THIS IS A TERRIBLY GEEKY POST: And it combines comics geekitude with my status as a regular listener of NPR, which is sort of an anti-Reese's peanut butter cup of maligned subcultures--but I do cringe when comics-related guests go on the Terry Gross show. Because while Terry knows a lot of things, she doesn't know the comics very well. So when Frank Miller's on to talk about Sin City she can't really ask him about his influences because she's probably heard of very few of them. Or the relationship of Sin City to his previous work, because she probably hasn't read them. So it ends up being one of her "light" interviews.

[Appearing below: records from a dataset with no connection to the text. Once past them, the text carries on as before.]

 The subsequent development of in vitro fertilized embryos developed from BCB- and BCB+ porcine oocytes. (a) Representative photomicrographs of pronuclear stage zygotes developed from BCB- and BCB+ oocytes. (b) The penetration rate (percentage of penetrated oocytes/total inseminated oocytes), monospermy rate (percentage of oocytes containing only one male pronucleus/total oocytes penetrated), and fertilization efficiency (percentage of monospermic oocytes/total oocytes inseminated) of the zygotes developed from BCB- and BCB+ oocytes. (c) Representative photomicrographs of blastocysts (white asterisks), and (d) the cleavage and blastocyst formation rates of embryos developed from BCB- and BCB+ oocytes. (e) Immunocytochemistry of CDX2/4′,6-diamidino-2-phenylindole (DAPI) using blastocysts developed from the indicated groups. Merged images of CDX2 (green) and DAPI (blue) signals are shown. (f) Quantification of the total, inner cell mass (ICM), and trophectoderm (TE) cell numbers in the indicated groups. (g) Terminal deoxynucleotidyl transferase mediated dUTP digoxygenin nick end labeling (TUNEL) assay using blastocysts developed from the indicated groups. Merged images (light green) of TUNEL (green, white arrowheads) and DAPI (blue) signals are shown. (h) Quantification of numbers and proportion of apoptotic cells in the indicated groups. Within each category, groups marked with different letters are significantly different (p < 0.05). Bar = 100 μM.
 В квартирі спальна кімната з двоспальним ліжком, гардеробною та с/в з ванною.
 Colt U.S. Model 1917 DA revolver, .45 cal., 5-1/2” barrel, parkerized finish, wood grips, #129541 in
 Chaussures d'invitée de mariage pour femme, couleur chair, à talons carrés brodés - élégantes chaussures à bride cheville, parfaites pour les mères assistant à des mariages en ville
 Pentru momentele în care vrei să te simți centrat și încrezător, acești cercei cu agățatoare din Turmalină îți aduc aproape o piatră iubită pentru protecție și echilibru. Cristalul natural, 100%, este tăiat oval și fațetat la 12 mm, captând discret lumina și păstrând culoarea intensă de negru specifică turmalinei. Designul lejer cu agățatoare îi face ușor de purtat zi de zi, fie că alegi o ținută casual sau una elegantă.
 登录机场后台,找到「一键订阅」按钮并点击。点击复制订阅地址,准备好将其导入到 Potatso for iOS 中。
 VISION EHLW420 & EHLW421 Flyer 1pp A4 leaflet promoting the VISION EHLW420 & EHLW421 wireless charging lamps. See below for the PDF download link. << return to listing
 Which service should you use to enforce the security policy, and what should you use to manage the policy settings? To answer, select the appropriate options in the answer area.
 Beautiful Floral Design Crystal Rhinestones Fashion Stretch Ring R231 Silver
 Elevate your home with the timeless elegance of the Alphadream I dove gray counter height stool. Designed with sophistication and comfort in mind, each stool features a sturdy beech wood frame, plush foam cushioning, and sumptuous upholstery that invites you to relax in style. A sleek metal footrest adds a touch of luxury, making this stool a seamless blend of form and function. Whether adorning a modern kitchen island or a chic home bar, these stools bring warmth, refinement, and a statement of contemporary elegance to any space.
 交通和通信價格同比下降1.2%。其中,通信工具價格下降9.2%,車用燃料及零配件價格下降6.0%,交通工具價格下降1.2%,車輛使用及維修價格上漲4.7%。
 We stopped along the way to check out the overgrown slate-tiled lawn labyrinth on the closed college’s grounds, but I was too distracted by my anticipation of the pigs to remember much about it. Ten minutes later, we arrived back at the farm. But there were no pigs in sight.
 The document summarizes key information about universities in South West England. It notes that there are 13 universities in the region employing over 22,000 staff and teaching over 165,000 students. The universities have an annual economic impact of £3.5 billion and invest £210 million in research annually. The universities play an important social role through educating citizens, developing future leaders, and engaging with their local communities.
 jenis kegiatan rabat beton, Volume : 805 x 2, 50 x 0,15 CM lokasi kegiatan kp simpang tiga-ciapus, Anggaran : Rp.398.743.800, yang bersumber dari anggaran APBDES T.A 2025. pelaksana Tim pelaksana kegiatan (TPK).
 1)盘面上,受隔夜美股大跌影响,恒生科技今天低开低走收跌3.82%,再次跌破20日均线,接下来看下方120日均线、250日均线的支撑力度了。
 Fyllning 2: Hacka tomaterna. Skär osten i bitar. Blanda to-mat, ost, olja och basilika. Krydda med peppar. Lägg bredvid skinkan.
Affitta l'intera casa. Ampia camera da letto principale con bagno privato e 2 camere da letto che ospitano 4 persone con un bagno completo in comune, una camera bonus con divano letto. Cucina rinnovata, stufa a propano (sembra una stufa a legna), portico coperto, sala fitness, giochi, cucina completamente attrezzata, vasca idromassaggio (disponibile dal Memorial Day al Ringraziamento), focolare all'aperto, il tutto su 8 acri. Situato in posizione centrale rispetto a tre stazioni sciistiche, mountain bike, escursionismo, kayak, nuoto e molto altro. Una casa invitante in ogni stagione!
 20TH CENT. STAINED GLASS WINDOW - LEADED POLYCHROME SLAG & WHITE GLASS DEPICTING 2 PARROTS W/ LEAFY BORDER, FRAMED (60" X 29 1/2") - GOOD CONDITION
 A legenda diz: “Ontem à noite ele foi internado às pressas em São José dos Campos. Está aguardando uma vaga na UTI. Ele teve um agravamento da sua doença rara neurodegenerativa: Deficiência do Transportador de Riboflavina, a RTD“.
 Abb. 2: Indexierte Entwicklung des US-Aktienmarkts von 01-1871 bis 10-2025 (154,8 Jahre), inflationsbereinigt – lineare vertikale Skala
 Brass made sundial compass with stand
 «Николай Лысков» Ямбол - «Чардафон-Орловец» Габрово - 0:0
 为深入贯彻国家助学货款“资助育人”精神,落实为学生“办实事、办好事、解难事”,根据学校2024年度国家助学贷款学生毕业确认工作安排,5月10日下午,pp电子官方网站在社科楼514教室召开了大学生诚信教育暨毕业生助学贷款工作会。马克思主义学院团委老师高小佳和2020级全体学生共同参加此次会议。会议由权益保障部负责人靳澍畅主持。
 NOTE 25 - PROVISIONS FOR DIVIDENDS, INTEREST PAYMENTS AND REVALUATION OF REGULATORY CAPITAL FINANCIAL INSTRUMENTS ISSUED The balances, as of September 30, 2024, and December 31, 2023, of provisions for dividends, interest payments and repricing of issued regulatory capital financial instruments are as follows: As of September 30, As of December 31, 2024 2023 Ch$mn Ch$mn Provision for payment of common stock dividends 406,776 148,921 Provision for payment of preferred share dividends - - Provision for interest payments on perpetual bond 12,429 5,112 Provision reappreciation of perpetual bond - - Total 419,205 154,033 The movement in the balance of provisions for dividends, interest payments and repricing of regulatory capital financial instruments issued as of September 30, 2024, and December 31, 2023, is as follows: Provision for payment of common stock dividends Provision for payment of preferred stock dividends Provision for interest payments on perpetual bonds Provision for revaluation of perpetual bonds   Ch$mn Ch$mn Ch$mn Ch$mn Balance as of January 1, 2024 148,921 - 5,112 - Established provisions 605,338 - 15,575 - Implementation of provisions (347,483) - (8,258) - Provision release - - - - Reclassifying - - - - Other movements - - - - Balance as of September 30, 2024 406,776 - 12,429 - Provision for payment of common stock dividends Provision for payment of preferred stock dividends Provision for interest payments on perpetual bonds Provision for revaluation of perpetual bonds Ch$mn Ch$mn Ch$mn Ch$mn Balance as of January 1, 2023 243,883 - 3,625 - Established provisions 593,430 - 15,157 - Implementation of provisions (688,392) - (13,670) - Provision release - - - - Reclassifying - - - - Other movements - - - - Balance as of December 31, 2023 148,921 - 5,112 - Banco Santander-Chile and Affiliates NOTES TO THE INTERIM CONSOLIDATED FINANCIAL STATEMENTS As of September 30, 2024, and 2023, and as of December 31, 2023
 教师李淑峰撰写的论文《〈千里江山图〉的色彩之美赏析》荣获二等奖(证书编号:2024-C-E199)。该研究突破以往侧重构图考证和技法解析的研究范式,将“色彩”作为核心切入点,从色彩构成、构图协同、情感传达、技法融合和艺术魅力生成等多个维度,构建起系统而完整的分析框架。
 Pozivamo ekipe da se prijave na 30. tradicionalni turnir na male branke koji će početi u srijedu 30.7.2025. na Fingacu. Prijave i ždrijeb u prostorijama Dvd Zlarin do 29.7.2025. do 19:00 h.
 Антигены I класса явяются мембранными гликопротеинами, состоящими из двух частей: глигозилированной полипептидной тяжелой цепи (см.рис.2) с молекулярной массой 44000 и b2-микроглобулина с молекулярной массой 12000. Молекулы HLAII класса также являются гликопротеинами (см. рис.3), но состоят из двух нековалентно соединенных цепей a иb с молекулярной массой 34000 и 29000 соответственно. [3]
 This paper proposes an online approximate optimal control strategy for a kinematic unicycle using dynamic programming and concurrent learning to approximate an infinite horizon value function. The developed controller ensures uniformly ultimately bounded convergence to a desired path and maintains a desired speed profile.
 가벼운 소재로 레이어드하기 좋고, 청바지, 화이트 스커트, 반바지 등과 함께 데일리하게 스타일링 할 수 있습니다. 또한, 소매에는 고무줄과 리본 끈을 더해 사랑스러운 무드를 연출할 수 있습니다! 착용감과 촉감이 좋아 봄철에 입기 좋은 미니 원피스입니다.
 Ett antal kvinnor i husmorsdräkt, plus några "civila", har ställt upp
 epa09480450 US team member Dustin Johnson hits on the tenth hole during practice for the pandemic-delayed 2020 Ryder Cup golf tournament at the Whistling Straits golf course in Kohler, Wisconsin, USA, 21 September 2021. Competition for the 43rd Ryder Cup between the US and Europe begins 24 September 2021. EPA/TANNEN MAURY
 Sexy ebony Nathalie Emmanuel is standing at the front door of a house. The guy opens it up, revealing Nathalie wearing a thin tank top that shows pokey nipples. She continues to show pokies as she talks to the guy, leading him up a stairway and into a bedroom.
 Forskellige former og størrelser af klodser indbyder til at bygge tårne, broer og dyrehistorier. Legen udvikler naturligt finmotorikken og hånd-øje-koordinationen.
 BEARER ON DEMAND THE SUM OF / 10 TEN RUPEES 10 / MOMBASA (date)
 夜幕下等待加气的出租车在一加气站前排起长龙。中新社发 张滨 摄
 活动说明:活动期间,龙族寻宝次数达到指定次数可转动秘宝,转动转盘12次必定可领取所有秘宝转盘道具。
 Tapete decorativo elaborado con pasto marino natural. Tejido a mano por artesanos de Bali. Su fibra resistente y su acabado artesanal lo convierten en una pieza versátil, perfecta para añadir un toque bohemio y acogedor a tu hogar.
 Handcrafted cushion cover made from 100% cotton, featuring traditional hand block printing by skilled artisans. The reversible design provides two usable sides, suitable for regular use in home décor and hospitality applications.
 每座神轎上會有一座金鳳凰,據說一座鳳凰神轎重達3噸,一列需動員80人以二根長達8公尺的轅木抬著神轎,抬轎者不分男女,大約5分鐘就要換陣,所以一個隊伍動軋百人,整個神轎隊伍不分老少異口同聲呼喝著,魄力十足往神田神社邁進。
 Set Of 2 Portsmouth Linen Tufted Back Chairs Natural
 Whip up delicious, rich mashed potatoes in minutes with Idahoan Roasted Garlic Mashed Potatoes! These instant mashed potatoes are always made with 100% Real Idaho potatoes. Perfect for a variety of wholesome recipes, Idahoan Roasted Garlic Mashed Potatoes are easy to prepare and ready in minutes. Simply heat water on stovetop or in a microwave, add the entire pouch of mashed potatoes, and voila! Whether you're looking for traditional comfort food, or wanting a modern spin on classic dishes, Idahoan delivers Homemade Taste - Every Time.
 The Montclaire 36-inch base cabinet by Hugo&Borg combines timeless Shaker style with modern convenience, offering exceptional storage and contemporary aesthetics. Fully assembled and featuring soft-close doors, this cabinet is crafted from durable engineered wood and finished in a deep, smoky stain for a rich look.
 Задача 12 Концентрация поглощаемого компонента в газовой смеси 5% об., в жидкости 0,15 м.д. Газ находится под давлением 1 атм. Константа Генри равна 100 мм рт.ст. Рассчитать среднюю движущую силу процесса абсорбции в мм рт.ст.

I experienced the same cringing during her Brad Bird interview, when they were talking about The Incredibles and didn't bring up Fantastic Four or Doom Patrol not once. Now in this case my cringing was less fair, since I believe Brad has publicly disavowed any comics influence on The Incredibles, though he does credit 60s pop culture quite a bit, so if there's something in that era that leads to the Fantastic Four and he's stripmining that era for ideas, then perhaps its logical that The Incredibles resemble the FF. So there's no reason for Terry to bring it up. But it would have been nice, just given how obvious the relationship is to anybody who knows the Fantastic Four story even slightly well.
The Doom Patrol Elastigirl question is something only one with the heart of a geek would ask, so that is something I wouldn't expect her to ask. But that interview kind of assumed The Incredibles emerged from his head de novo, which they did not. Not in the sense of Bird-ripping-off-the-FF, which he denies and so that's that, but in the sense that The Incredible were all fairly common super-types (stretchy guy, strong guy, fast guy. If there are any Bird-did-rip-off-the-FF conspiracists in existence they are on firmest ground with the Violet/Sue Storm comparisons, since invisibility combined with force fields combined with being a wallflower is not exactly a typical superhero motif.)
This post will be copied and filed with the Office of Minor Complaints, Internet Division.